Были, конечно, дни, когда он грустил, и тогда мы не занимались. Это было, когда умирал кто-то из соседей по палате. Помню, он сдружился с одним тоже удивительным и интересным человеком. Когда тот умирал, в палате было очень тихо; мы долго сидели молча, и я видела, как сильно переживает и сострадает ему Владимир. А за то время, пока Владимир находился на этом «корабле», так много человек умерло, и всех он, можно сказать, провожал в последний путь, а с некоторыми из них успел особенно сблизиться. Как-то в беседе он сказал, что помнит каждого…
Несколько раз по поводу Владимира я подходила к главврачу и «доставала» его одним и тем же вопросом: «Скажите, может случиться такое, что Владимир выздоровеет и выйдет из хосписа? Вот смотрите: уже сколько месяцев, несмотря на врачебные прогнозы, живет. Он оптимист, верит в Бога, похоже, что он Божий человек, с ним ведь может произойти чудо?» И главврач, уставший от такого рода вопросов, задаваемых ему на протяжении многих лет, каждый раз терпеливо и по-доброму отвечал: «Нет, не может. Такого не бывает и не может быть — не надейтесь».
Летом меня вызвали на выездную работу на три месяца. Я зашла в хоспис попрощаться с его жителями. Зашла и к Владимиру. Мы с ним особенно долго тогда разговаривали. От мысли, что, возможно, я вижу его в последний раз, у меня больно сжималось сердце. А Владимир был, как всегда, настроен оптимистично.
После моего возвращения я встретилась с главврачом хосписа. Мы с ним разговаривали, и я ловила себя на том, что мне очень страшно спросить его о Владимире. С каким же удивлением и огромной радостью я услышала, что он жив, что его выписали! «Доктор, а Вы помните, как говорили, что чудес не бывает? А ведь случилось же Чудо, настоящее Чудо!».
Я думаю, что эта история произошла неспроста именно с этим пациентом. Год и несколько месяцев он прожил с поставленным ему страшным диагнозом. Его настрой отличался от того позитивного настроя, о котором так часто говорят: «А ты говори себе, что ты здоров — и будешь здоров». Нет, его Вера отличалась от самовнушения или самообмана. Его Вера, глубокая и искренняя, основывалась, похоже, на смирении и принятии всего, что дает Бог.
Я помню, как в детстве мне рассказывали сказку о двух лягушках, которые тонули в молоке. Одна сразу сложила лапки и пошла на дно, а другая изо всех сил боролась, взбила сметану и выжила. Я помню, что еще усомнилась тогда: как это вторая лягушка могла знать, что собьет сметану? И подумала, что я, наверное — первая лягушка.

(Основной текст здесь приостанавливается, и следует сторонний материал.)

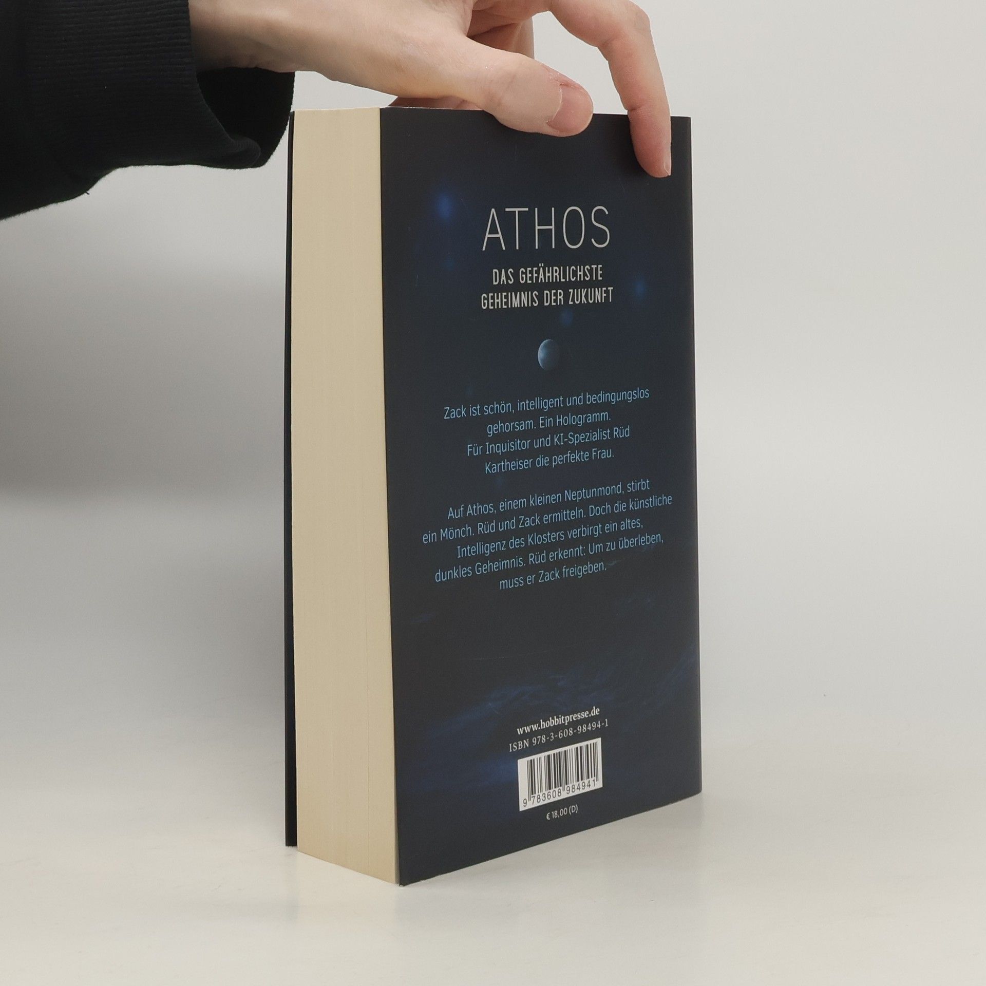 Athos. Das gefährlichste Geheimnis der Zukunft.Auf Athos, einem kleinen Neptunmond, stirbt ein Mönch. Rüd Kartheiser, Inquisitor und Spezialist für lebenserhaltende künstliche Intelligenzen, ermittelt. An seiner Seite: Seine Assistentin Zack. Schön, intelligent und bedingungslos gehorsam. Ein Hologramm. Für Rüd die perfekte Frau. Doch das Kloster des Athos verbirgt ein altes, dunkles Geheimnis. Rüd erkennt: Um zu überleben, muss er Zack freischalten.Das Jahr 2643: Der Neptunmond Athos ist zum Schauplatz eines unerklärlichen Verbrechens geworden. Die lebenserhaltende KI des Klosters steht im Verdacht, gemordet zu haben. Inquisitor Rüd Kartheiser, ein Spezialist im Verhören künstlicher Intelligenzen, wird mit dem Fall beauftragt. Zusammen mit seiner attraktiven holografischen Assistentin Zack, die ihm durch eine Reihe von Sicherheitsbeschränkungen absolut ergeben ist, erreicht er den kleinen, zerklüfteten Mond. Doch die Ermittlungen der beiden treffen auf Widerstand. Während Zacks anziehende Erscheinung bei den Mönchen Anstoß erregt, entpuppt sich die KI des Klosters als gerissene Taktikerin, die ihr Handeln geschickt verschleiert. Als sich unter den Mönchen ein zweiter Todesfall ereignet, begreift Rüd, dass er mehr als je zuvor auf Zacks Hilfe angewiesen ist. Um ihr Potential auszuschöpfen, trifft er – hinsichtlich ihrer Sicherheitsbeschränkungen – eine folgenschwere Entscheidung.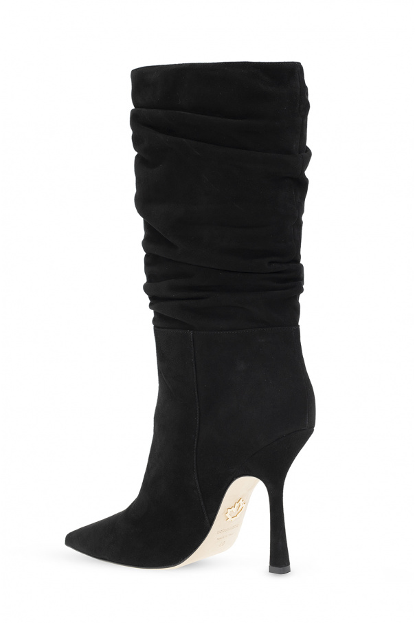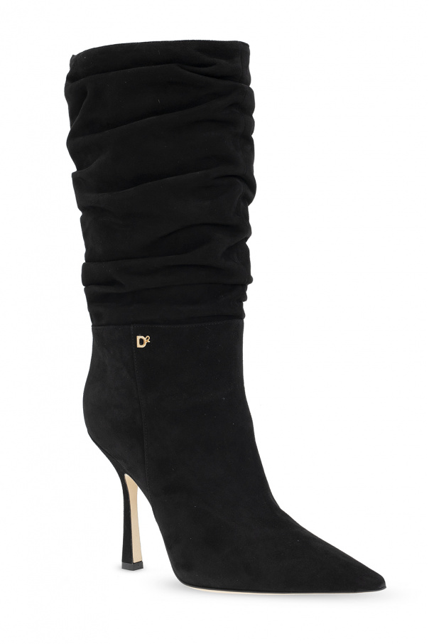 Black ‘Blair’ heeled ankle boots from Dsquared2. Made of suede, this pair features a metal logo appliqué in gold-tone, decorative gathers and a beige leather sole.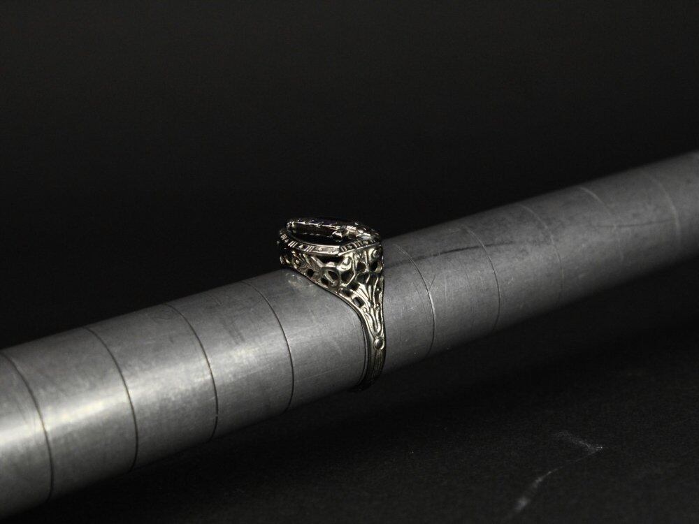 A masonic ring from the 1920s. Founded in 1919 by Freemasonry for younger men and women with more spiritual power, named after the last Grandmaster of the Knights Templar, Jacques de Molay. A delicate Art Deco openwork from the slender body to the top, and onyx on the small top, a sword motif imitating the Knights Templars cross pattée. Demoray is symbolized by a cross with a star (ruby) representing the nine founders and a crown mark, but this is organized in a very simple design with a central seal and nine diamond-shaped engravings around it. Is impressive. Demorays vintage ring is a rare item. It is an elegant white gold engraved with 14kt Gold. Please check the condition in the photo and purchase after acknowledging the characteristics of vinteg.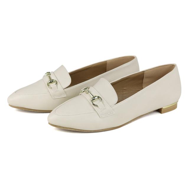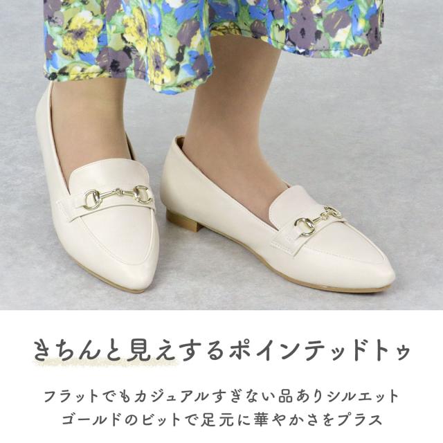 スッキリとしたポインテッドトゥのシルエットが大人の女性にぴったりなビットローファーです。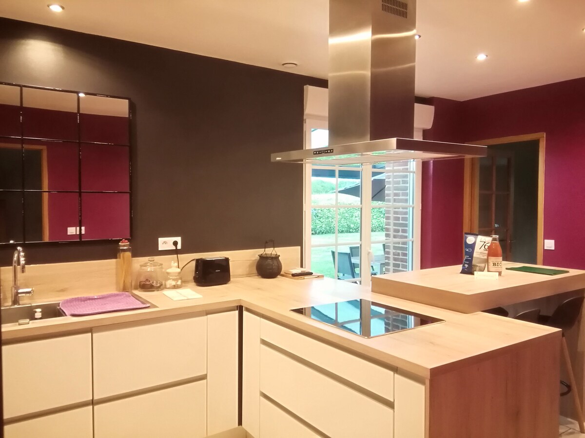 與親友一起享受這間寬敞、裝潢精美的住宿。 這間明亮的小屋距離Pont-L'Evêque 3分鐘路程,距離Deauville、Trouville和Honfleur 15分鐘路程,可直接和私人使用配備按摩浴缸和影片投影機的有蓋放鬆區域。 小屋位於安靜的區域,提供設備齊全的戶外露臺(客廳、桌子和燒烤),可欣賞壯麗的全景和無阻礙的景觀。 私人停車位、Wi-Fi、朝南、包括床單。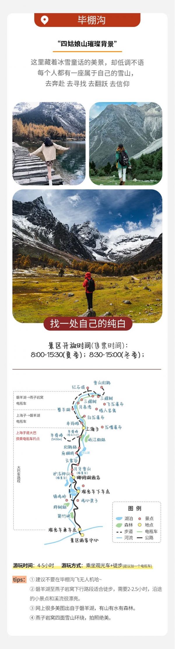 ? 美麗的山水世界【畢棚溝景區】(游覽時間3-4小時)換乘景區觀光車,觀賞古樸的原始風光,海龍王潭、女皇峰、娜姆湖、神女十二蜂、盤羊湖,美景讓您流連忘返, 這與大自然最親密的接觸, 留在心里,回味一生!冬季的畢棚溝,銀裝素裹,美不勝收,滑 雪、堆雪人,打雪仗,各種雪上娛樂項目其樂無窮。仿佛穿行如夢如幻的冰雪童話世界,畫下你的身影,將您的祝福永遠留在這里!穿梭于原始森林,眺綿延崎雪山雄峰、望飛瀉而下 的瀑布、看星羅棋布的海子、覓時有出沒的山珍野獸,夢幻般的世界讓你領略別樣的異族風情。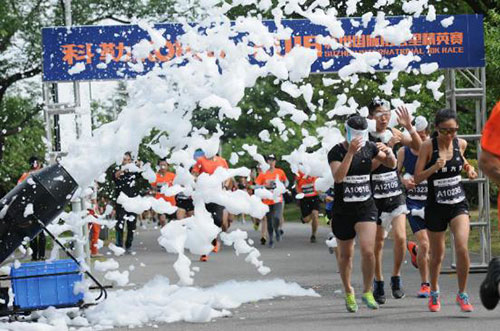 為推進(jìn)全民健身活動的實(shí)現(xiàn),賽事除有男女組的10公里精英賽,還加入了被大世界吉尼斯世界紀(jì)錄授予“趣味互動最多的家庭跑活動”的科勒·家庭樂跑,“泡泡大作戰(zhàn)”、“熱帶雨林”、“魔雨突襲”等數(shù)十個(gè)趣味互動點(diǎn),為馬拉松賽事添加了繽紛看點(diǎn)。在賽道上升起的夢幻泡泡、不時(shí)突降的“魔雨”等,引發(fā)了家庭樂跑者的陣陣歡呼。多樣賽項(xiàng)的設(shè)置,使包括許多孩子在內(nèi)的參與者,在這里體驗(yàn)到馬拉松賽事的樂趣,獲得了一次不錯(cuò)的初次馬拉松輕體驗(yàn)。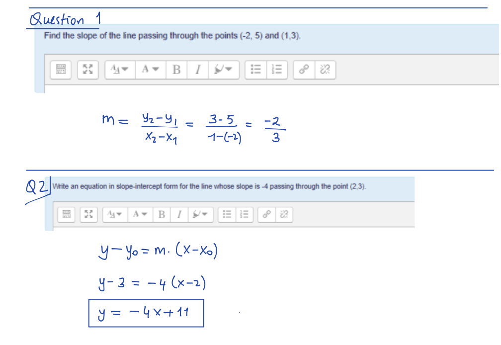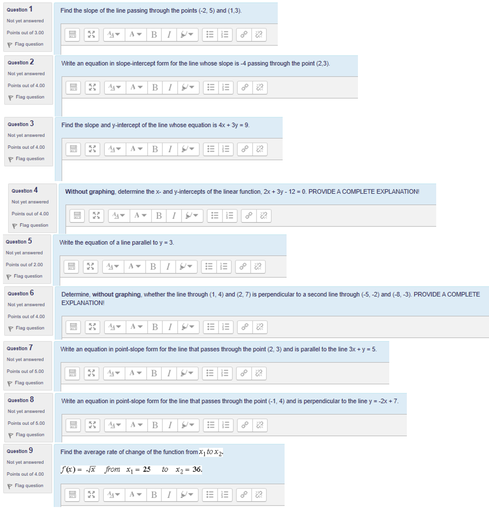 Question 1 Find the slope of the line passing through the points (...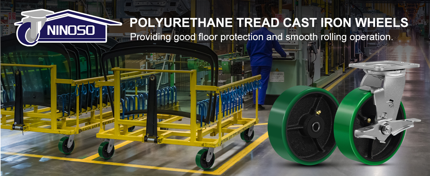 سعة الحمولة: 4 بوصات 800 رطل لكل عجلة، 5 بوصات 1000 رطل لكل عجلة؛ 6 ": 1200 رطل لكل عجلة؛ 8": 1500 رطل لكل عجلة. شريحة مبطنة ممتصة للصدمات توفر حماية للأرضية.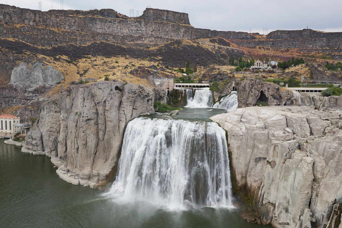 Like many falls on the Snake River, there is a dam and power plant to serve the locals.  Above is the lake upstream of the dam.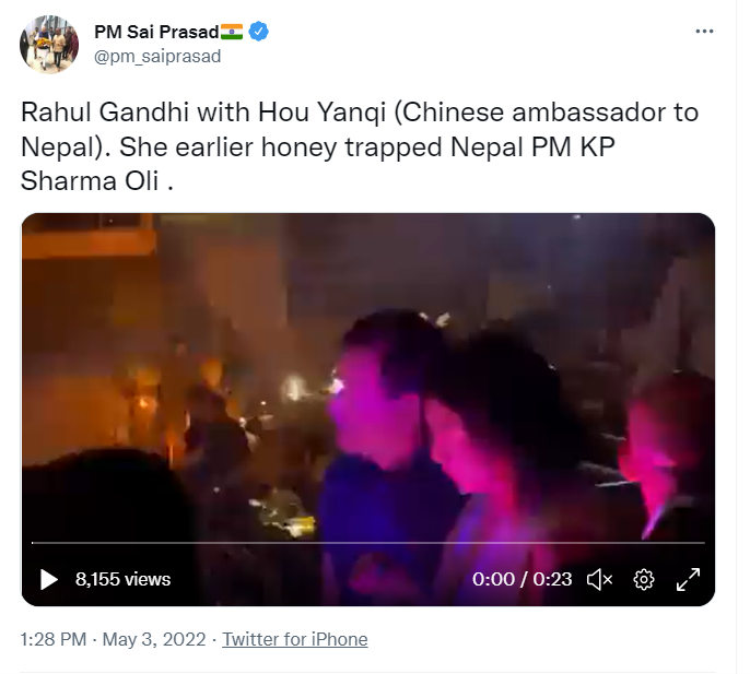 推特、脸书等社交平台近日流传一段22秒左右的视频。多位印度政客兼推特认证用户声称,视频展现了印度国会议员拉胡尔·甘地在尼泊尔当地一家夜总会与中国驻尼泊尔大使侯艳琪聚会,暗示其可能中了中方的“美人计”(honey traps)。

Владимир жил, надеялся, верил, несмотря на смертельный приговор. Строил планы на будущее, учился новому, опираясь на свою веру. Не подсел на наркотики, не впал в депрессию, которая вполне может довести до смерти и здорового человека. Чудо в том, что он смог выйти живым из хосписа и вернуться к нормальной жизни. Это удается одному из тысячи.
Это чудо произошло не только в жизни хосписа и Владимира, но и в моей жизни. Мне посчастливилось стать свидетелем того, как вопреки прогнозам врачей и здравому смыслу в том месте, где так много горя, боли и отчаяния, произошло Настоящее Чудо.